* Your task *
Please return the listing exactly as written, but without its pictures.

* Source material *
* * * *

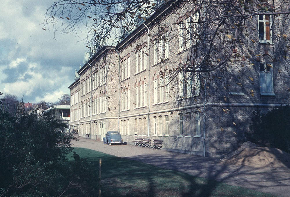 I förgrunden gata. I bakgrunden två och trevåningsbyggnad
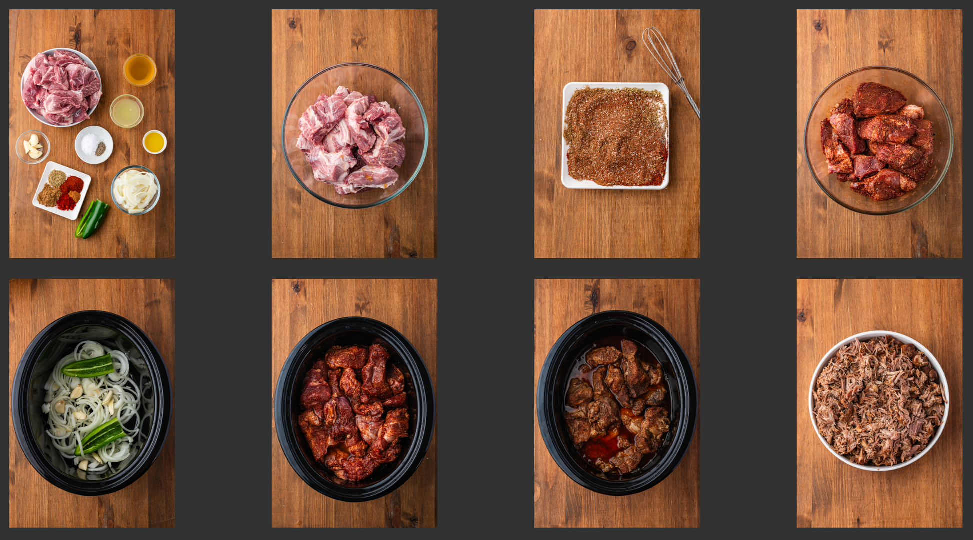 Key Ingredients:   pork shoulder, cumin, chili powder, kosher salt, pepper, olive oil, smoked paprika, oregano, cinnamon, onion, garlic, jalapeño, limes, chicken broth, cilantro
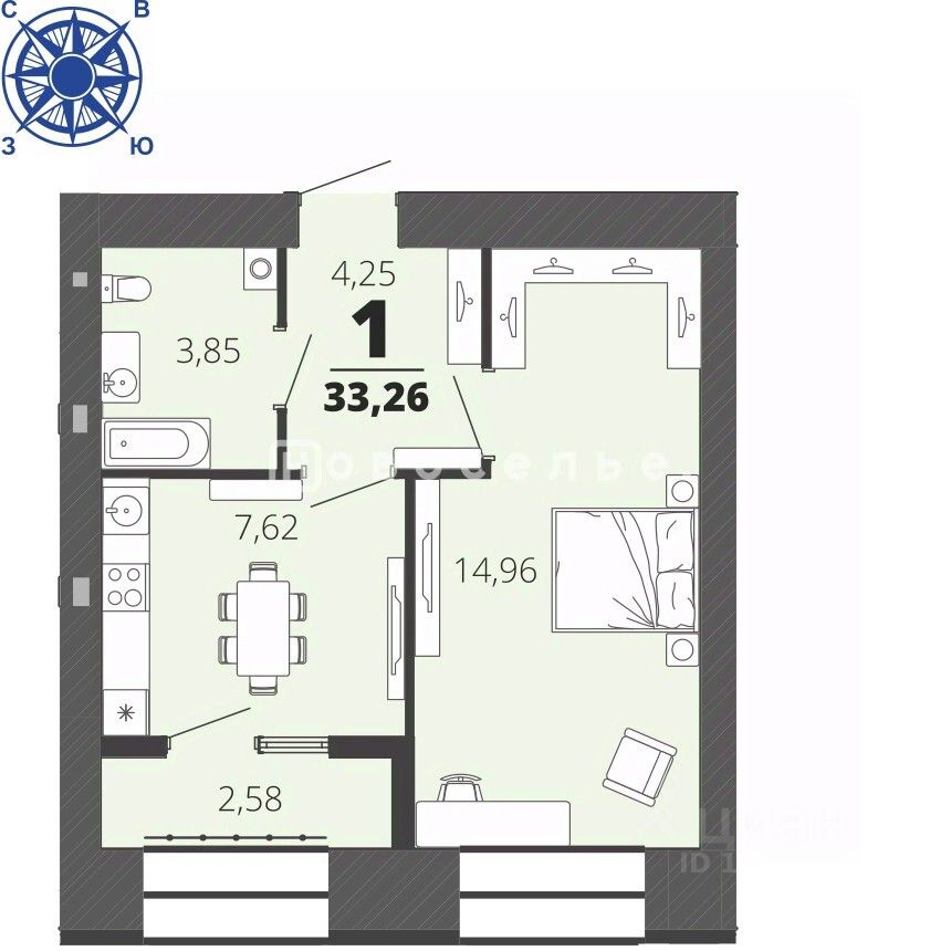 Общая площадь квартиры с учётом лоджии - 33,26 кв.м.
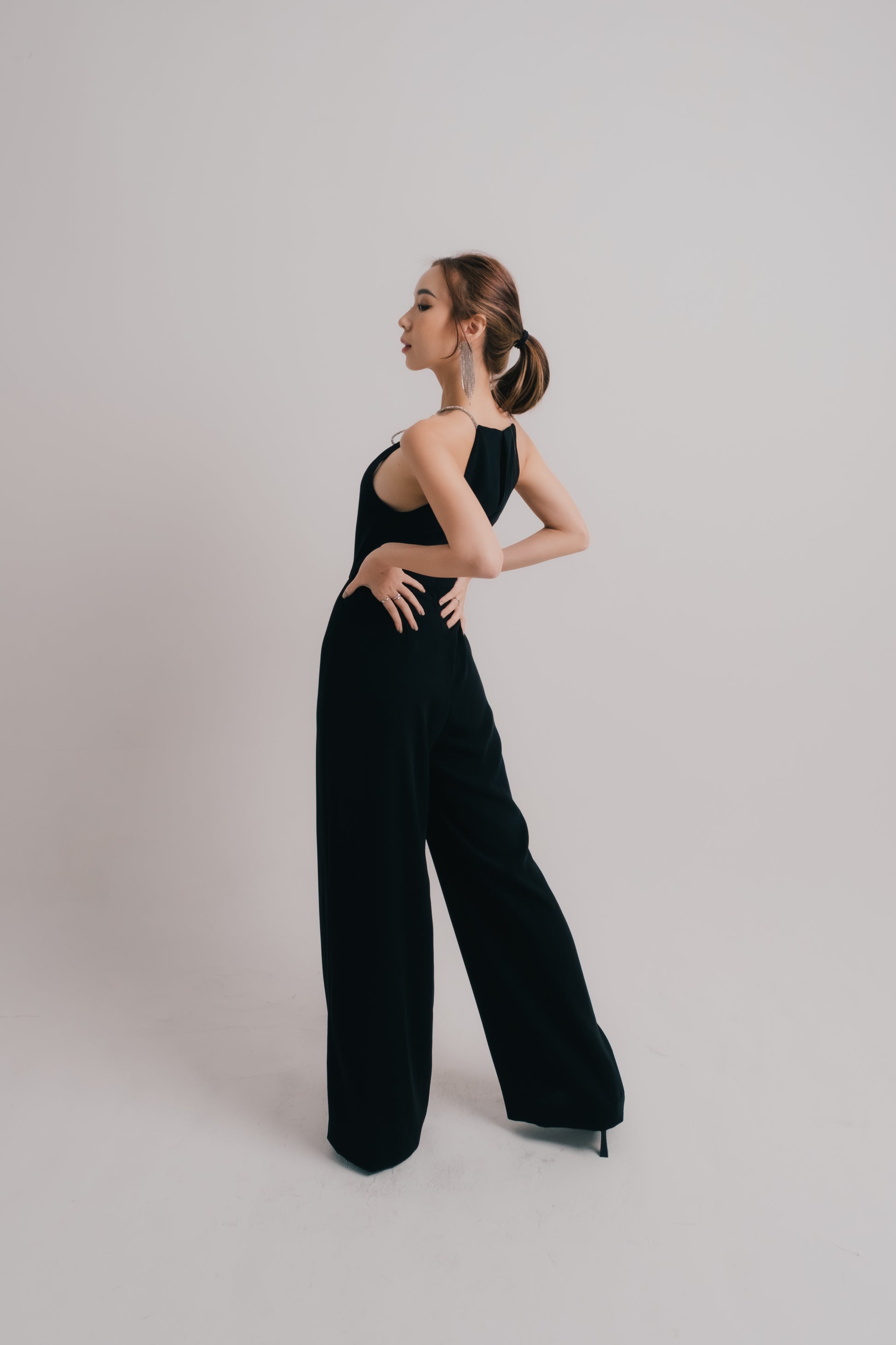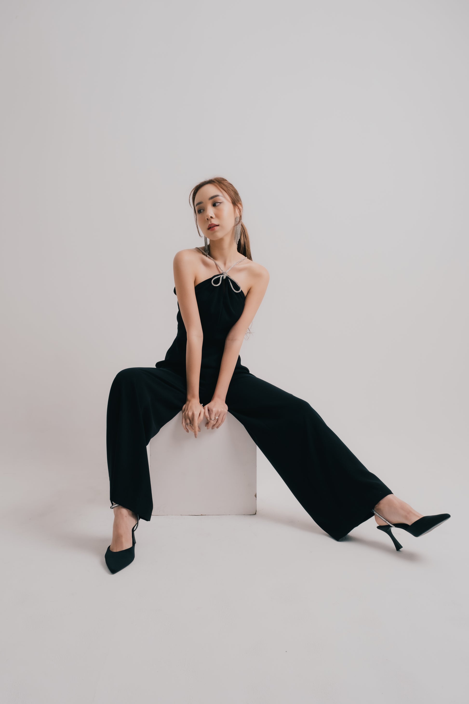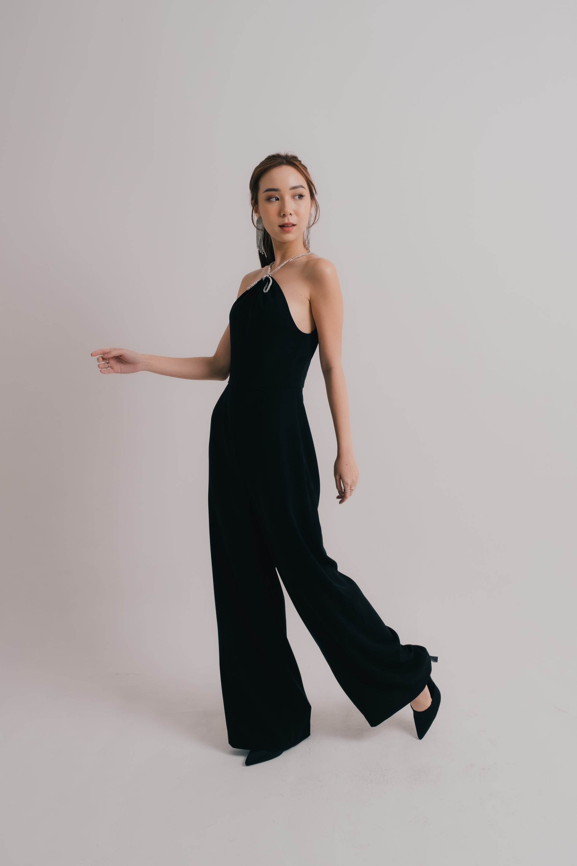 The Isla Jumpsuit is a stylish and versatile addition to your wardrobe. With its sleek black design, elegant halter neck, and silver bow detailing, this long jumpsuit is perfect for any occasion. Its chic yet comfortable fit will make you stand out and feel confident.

* * * *

* Answer box *
 I förgrunden gata. I bakgrunden två och trevåningsbyggnad
 Key Ingredients:   pork shoulder, cumin, chili powder, kosher salt, pepper, olive oil, smoked paprika, oregano, cinnamon, onion, garlic, jalapeño, limes, chicken broth, cilantro
 Общая площадь квартиры с учётом лоджии - 33,26 кв.м.
 The Isla Jumpsuit is a stylish and versatile addition to your wardrobe. With its sleek black design, elegant halter neck, and silver bow detailing, this long jumpsuit is perfect for any occasion. Its chic yet comfortable fit will make you stand out and feel confident.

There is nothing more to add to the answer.